#### Aim of the exercise
From the line containing "Jogger design. Elastic" down to the line containing "laser-induced graphene(LIG) 作为电极,其核心动态来源于石墨烯/水凝胶界面的电双层(EDL)调控。" in the records below, reproduce every line exactly, ends included, and omit all others.

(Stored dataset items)
——

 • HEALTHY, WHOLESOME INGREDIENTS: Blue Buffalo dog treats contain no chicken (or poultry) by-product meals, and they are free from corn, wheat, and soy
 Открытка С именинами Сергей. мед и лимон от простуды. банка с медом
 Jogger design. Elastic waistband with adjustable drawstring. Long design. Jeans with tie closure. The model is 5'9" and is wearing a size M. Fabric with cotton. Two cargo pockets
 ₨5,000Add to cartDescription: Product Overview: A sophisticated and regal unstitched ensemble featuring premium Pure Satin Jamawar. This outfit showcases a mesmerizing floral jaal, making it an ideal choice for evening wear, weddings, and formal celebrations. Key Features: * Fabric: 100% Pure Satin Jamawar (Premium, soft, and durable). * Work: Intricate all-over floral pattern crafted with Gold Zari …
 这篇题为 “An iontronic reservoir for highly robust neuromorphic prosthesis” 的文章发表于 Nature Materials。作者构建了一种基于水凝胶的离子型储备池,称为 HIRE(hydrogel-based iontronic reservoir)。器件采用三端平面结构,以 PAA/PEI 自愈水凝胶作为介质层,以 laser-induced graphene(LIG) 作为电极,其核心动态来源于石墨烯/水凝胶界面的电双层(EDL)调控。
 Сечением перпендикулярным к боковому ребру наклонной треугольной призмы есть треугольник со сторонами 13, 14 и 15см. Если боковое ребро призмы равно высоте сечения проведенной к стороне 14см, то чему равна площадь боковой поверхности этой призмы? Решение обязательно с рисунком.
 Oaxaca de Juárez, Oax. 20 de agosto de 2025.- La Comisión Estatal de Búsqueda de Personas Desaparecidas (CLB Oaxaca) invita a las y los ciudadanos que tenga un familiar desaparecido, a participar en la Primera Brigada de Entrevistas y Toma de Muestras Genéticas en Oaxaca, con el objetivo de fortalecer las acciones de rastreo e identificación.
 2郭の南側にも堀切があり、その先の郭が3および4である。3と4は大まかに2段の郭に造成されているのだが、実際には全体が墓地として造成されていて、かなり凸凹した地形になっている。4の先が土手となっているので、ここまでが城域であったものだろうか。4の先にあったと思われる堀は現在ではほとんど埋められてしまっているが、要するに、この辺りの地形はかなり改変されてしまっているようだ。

——

#### Task result
 Jogger design. Elastic waistband with adjustable drawstring. Long design. Jeans with tie closure. The model is 5'9" and is wearing a size M. Fabric with cotton. Two cargo pockets
 ₨5,000Add to cartDescription: Product Overview: A sophisticated and regal unstitched ensemble featuring premium Pure Satin Jamawar. This outfit showcases a mesmerizing floral jaal, making it an ideal choice for evening wear, weddings, and formal celebrations. Key Features: * Fabric: 100% Pure Satin Jamawar (Premium, soft, and durable). * Work: Intricate all-over floral pattern crafted with Gold Zari …
 这篇题为 “An iontronic reservoir for highly robust neuromorphic prosthesis” 的文章发表于 Nature Materials。作者构建了一种基于水凝胶的离子型储备池,称为 HIRE(hydrogel-based iontronic reservoir)。器件采用三端平面结构,以 PAA/PEI 自愈水凝胶作为介质层,以 laser-induced graphene(LIG) 作为电极,其核心动态来源于石墨烯/水凝胶界面的电双层(EDL)调控。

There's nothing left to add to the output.